Off-balance Sheet Arrangements

We did not have any off-balance sheet arrangements as of December 31, 2019.

Critical Accounting Policies, Estimates, Judgments, and Assumptions





We prepare our financial statements and the accompanying notes in conformity
with GAAP, which require management to make estimates and assumptions about
future events that affect the reported amounts in the financial statements and
the accompany notes. We identify certain accounting policies as critical based
on, among other things, their impact on the portrayal of our financial
condition, results of operations, or liquidity and the degree of difficulty,
subjectivity, and complexity in their deployment. Critical accounting policies
cover accounting matters that are inherently uncertain because the future
resolution of such matters is unknown. The following is a discussion of our most
critical accounting policies that require management to make difficult,
subjective or complex accounting estimates.



Full Cost Method of Accounting


The accounting for our business is subject to special accounting rules that are
unique to the oil and natural gas industry.

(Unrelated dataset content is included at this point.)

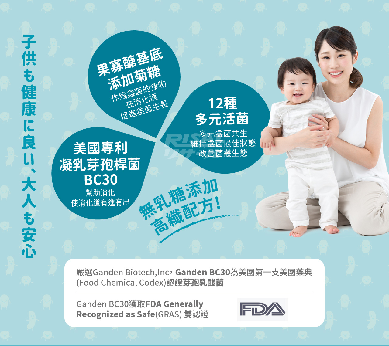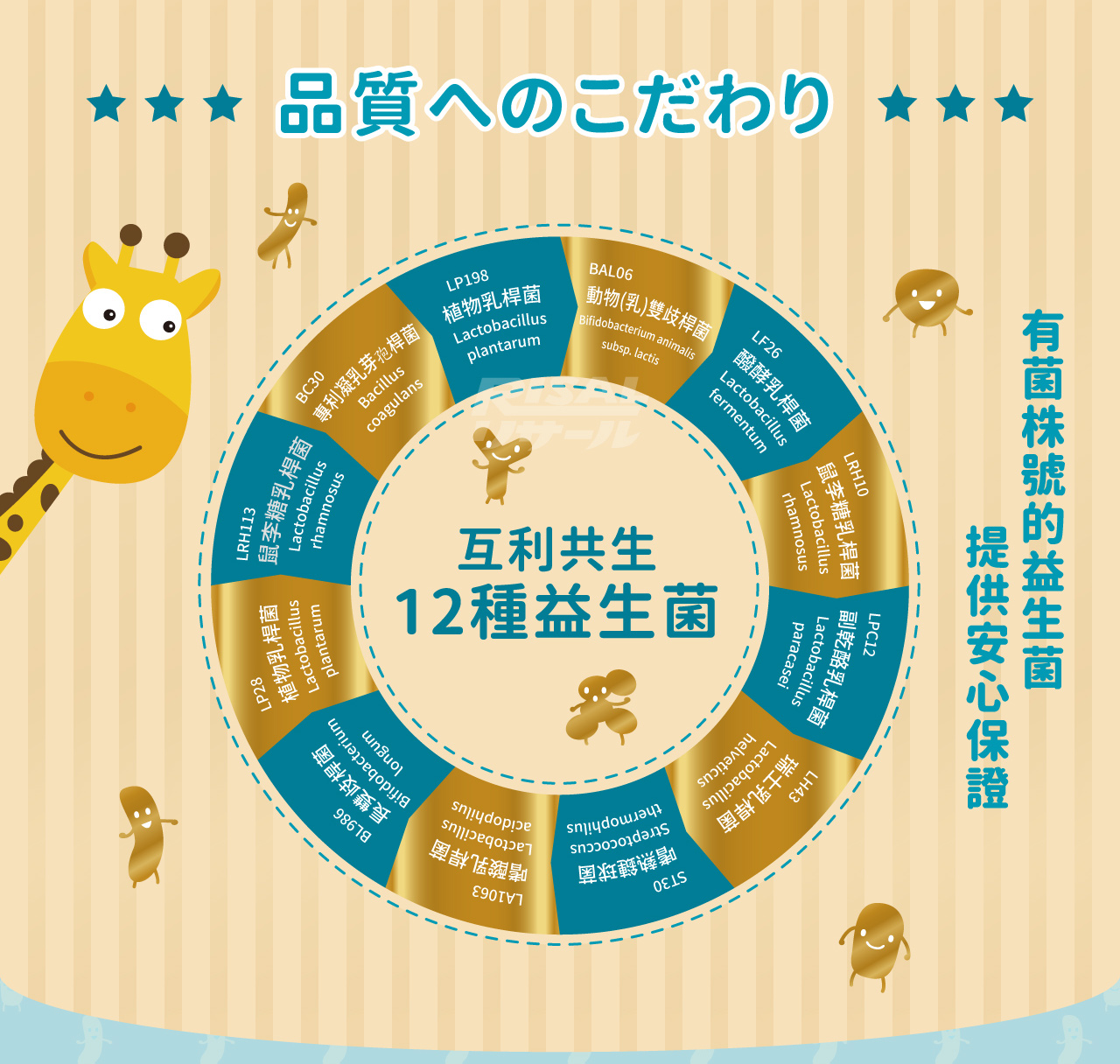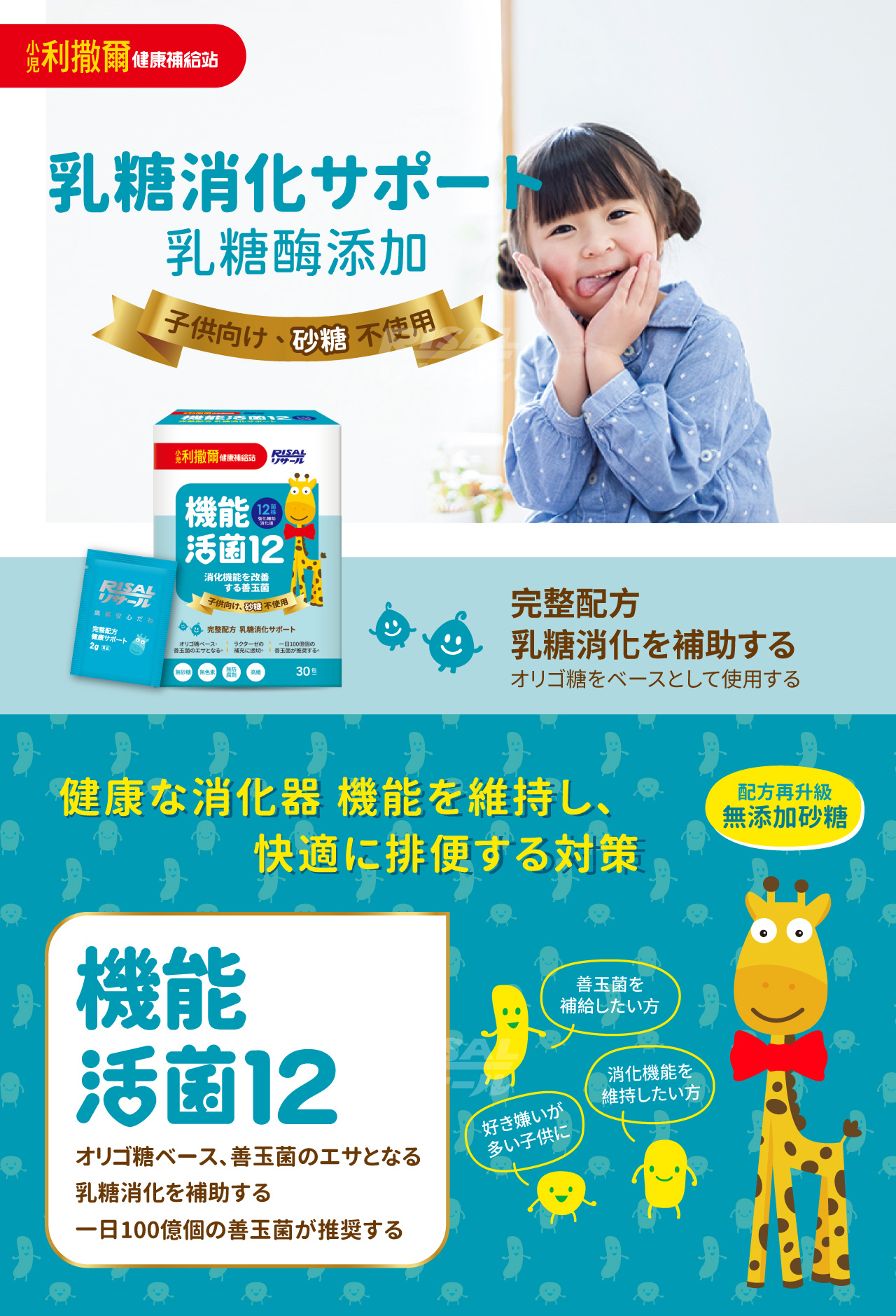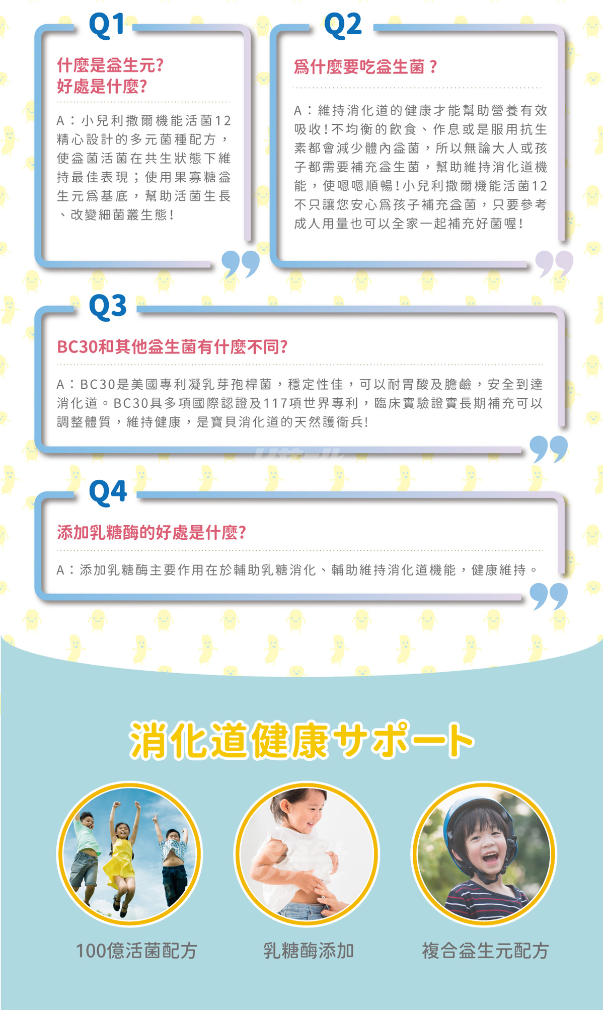 全成分:果寡醣粉(非基改玉米澱粉、果寡醣)、海藻糖、微結晶狀α-纖維素、乳酸菌(凝乳芽孢桿菌(Bacillus coagulans BC30)、植物乳桿菌(Lactobacillus plantarum LP198)、醱酵乳桿菌(Lactobacillus fermentum LF26)、 鼠李糖乳桿菌(Lactobacillus rhamnosus LRH10)、副干酪乳桿菌(Lactobacillus paracasei LPC12)、 動物(乳)雙歧桿菌(Bifidobacterium animalis subsp. lactis BAL06)、鼠李糖乳桿菌(Lactobacillus rhamnosus LRH113)、 植物乳桿菌(Lactobacillus plantarum LP28)、長雙歧桿菌(Bifidobacterium longum BL986)、 嗜酸乳桿菌(Lactobacillus acidophilus LA1063)、嗜熱鏈球菌(Streptococcus thermophilus ST30)、 瑞士乳桿菌(Lactobacillus helveticus LH43))、菊糖、乳糖酶、檸檬酸、香料。

There are two allowable methods of
accounting for oil and natural gas business activities: the full cost method and
the successful efforts method. The differences between the two methods can lead
to significant variances in the amounts reported in financial statements. We use
the full cost method of accounting as defined by SEC Release No. 33-8995 and
FASB ASC 932 because we believe it appropriately reports the costs of our
exploration programs as part of an overall investment in discovering and
developing proved reserves.



Under the full cost method, separate cost centers are maintained for each
geographic area in which we incur costs. All costs incurred in the acquisition,
exploration, and development of properties (including costs of surrendered and
abandoned leaseholds, delay lease rentals, dry holes, and overhead related to
exploration and development activities) are capitalized. The fair value of
estimated future costs of site restoration, dismantlement, and abandonment
activities is capitalized, and a corresponding asset retirement obligation
liability is recorded.



Capitalized costs applicable to each full cost center are depleted using the
units-of-production method based on conversion to common units of measure using
one barrel of oil as an equivalent to six thousand cubic feet of natural gas.
Changes in estimates of reserves or future development costs are accounted for
prospectively in the depletion calculations. Based on this accounting policy,
our December 31, 2019 and 2018 reserve estimates were used for our respective
period depletion calculations. These reserve estimates were calculated in
accordance with SEC rules. See "Business-Reserves" and Notes 2 and 17 to the
consolidated financial statements for a more complete discussion of the rule and
our estimated proved reserves as of December 31, 2019 and 2018.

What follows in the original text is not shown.